U.S. Senate Sergeant at Arms Karen Gibson testifies before a Senate Appropriations subcommittee on April 25, 2023 in Washington, DC.
U.S. Senate Sergeant at Arms Karen Gibson testifies before a Senate Appropriations subcommittee on April 25, 2023 in Washington, DC. Kevin Dietsch / Getty Images

In her testimony before the Senate panel in April, Gibson reported, “Our team provided initial physical security enhancements for 31 offices and improved existing security for 52 others in 2022. Maintaining security systems in good working order is a priority, and to support this effort our team conducted over 622 service calls to maintain, repair, and or test and inspect state office physical security systems in 2022.”

Senate administrators have also offered “stop the bleed” training to better equip staffers to respond to medical emergencies and victims of attacks. 

In April, the House Sergeant at Arms William McFarland told legislators there is “robust participation” in a program to help House members secure their home residences.

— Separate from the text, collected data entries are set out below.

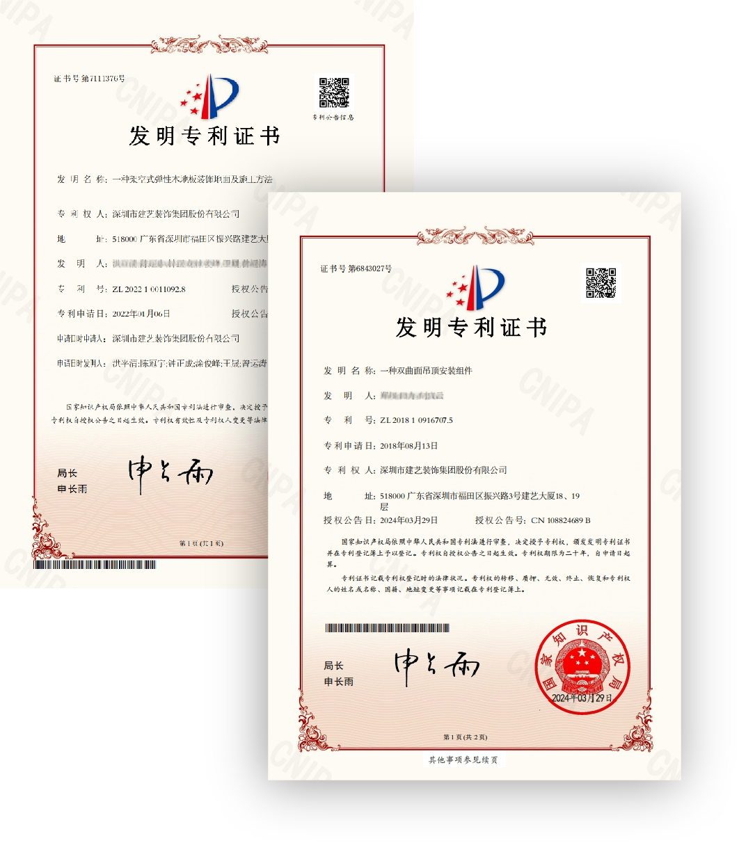 近日,建藝集團創(chuàng)新研發(fā)的“一種雙曲面吊頂安裝組件” “一種架空式彈性木地板裝飾地面及施工方法” “一種便于安裝的裝飾天花板”“一種具有吸音功能的室內(nèi)墻板” “一種新型玻璃幕墻安裝結(jié)構(gòu)”等7項發(fā)明專利和實用新型專利再次獲得國家知識產(chǎn)權(quán)局授權(quán)。
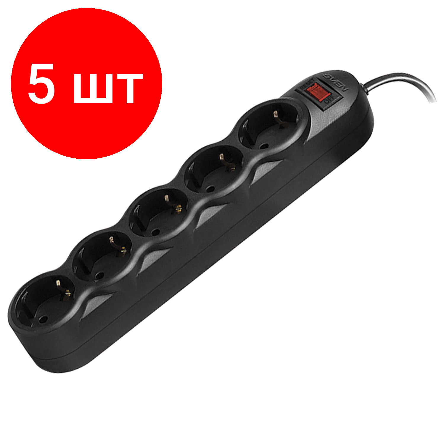 Сетевой фильтр SVEN SF-05L, 5 розеток, 3 м, черный, SV-015077
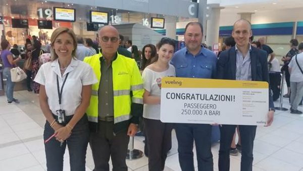 Vueling raggiunge un’importante traguardo trasportando il suo 250.000° passeggero presso l’Aeroporto di Bari, che è stato festeggiato con il regalo di due biglietti omaggio per viaggiare nuovamente con la compagnia aerea. La low cost spagnola ha iniziato ad operare dall’aeroporto di Bari nell’estate 2013 e quattro anni dopo, per l’estate 2017, la compagnia aerea offre il collegamento con Barcellona El Prat, principale hub internazionale di Vueling, con più di 33.000 posti disponibili e fino a 5 frequenze settimanali. Inoltre, proprio grazie al collegamento con l’aeroporto di Barcellona El Prat i passeggeri in partenza da Bari potranno usufruire all’esclusivo servizio Vueling-to-Vueling dei voli in connessione, che permette ai passeggeri di fare un unico check-in all’aeroporto di partenza e di ritirare comodamente i bagagli all’arrivo. Con questo servizio, i passeggeri in partenza da Bari potranno raggiungere via Barcellona mete come Ibiza, Siviglia, le Isole Canarie, Malaga e molte altre, grazie ad un’offerta di più di 135 destinazioni servite dalla compagnia in tutta Europa, Africa e Medio Oriente.
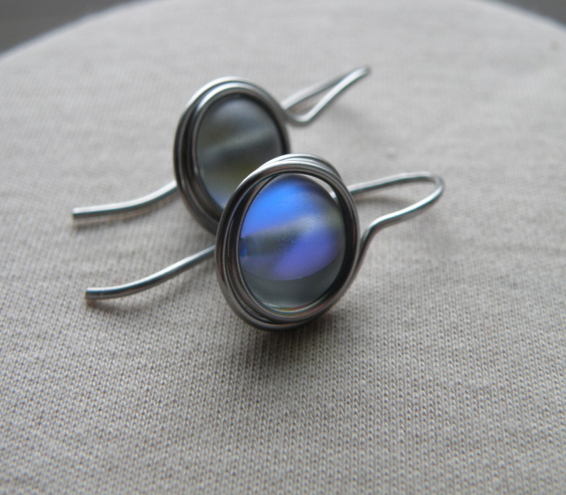 Naušnice samostatné z chirurgické oceli, zdobí je syntetický zirkonit. Nejsou těžké, roztomilé., malé, ale výrazné.... Při otáčení s kuličkou vznikají záblesky.zamotané v nerezovém poudře.
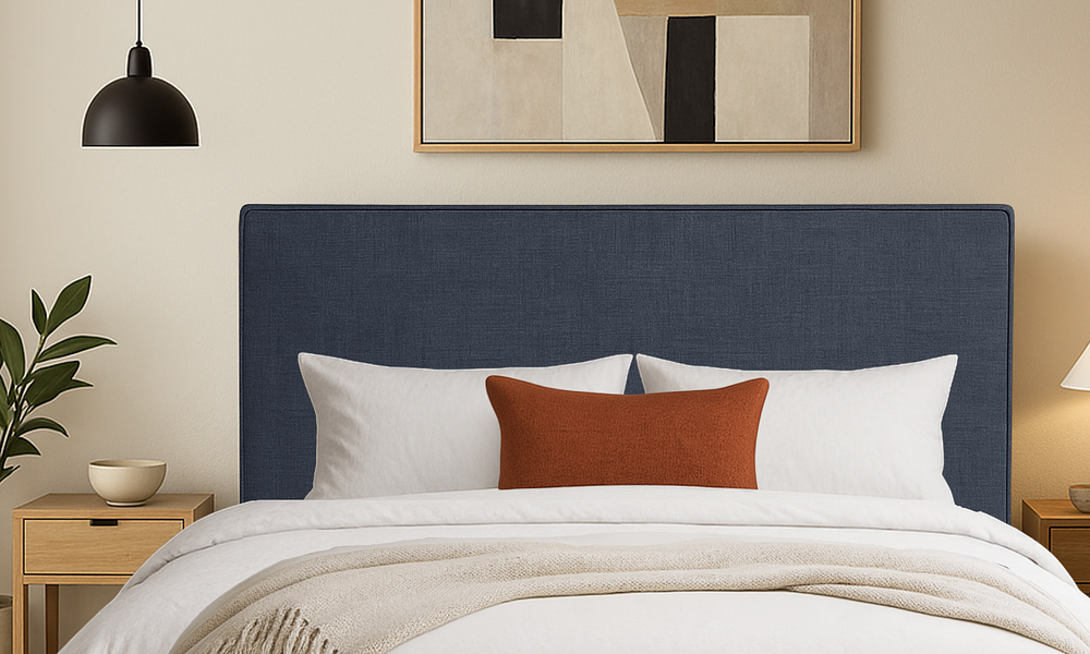 Sculptural in form and tailored in finish, the Benson Headboard is a refined statement piece. With its bold, structured silhouette, clean lines, and piped edging, it brings a crisp, contemporary edge to any bedroom. Upholstered in the same premium Linen Look fabric as our bestselling Delphine, the Benson delivers elevated simplicity with timeless appeal and versatile charm.

McFarland said that House administrators are coordinating with local police departments to help protect members of Congress who hold events in their home states and to help better secure the homes of members.

A spending bill passed in late 2022 provided additional funds for hometown security measures for Congress. The legislation required security administrators to “enhance member protection including providing a security program for Congressional Leadership, expanding Dignitary Protection Division services and expanding USCP field office presence,” which would deploy and broaden Capitol Police protection in cities outside of Washington. 

Though the U.S. Capitol complex is shielded by a force of nearly 2,000 Capitol police employees, there have been growing concerns about hometown security for members of Congress. A California man was charged in a 2022 attack at the San Francisco home of then-House Speaker Nancy Pelosi. The assailant was allegedly targeting Nancy Pelosi when he confronted and attacked Pelosi’s husband Paul with a hammer.

In a May 15 attack at the Fairfax, Va. office of Rep. Gerry Connolly, one of Connolly’s constituents is accused of attacking two of the congressman’s staffers with a metal baseball bat.  Both were briefly hospitalized and are recovering.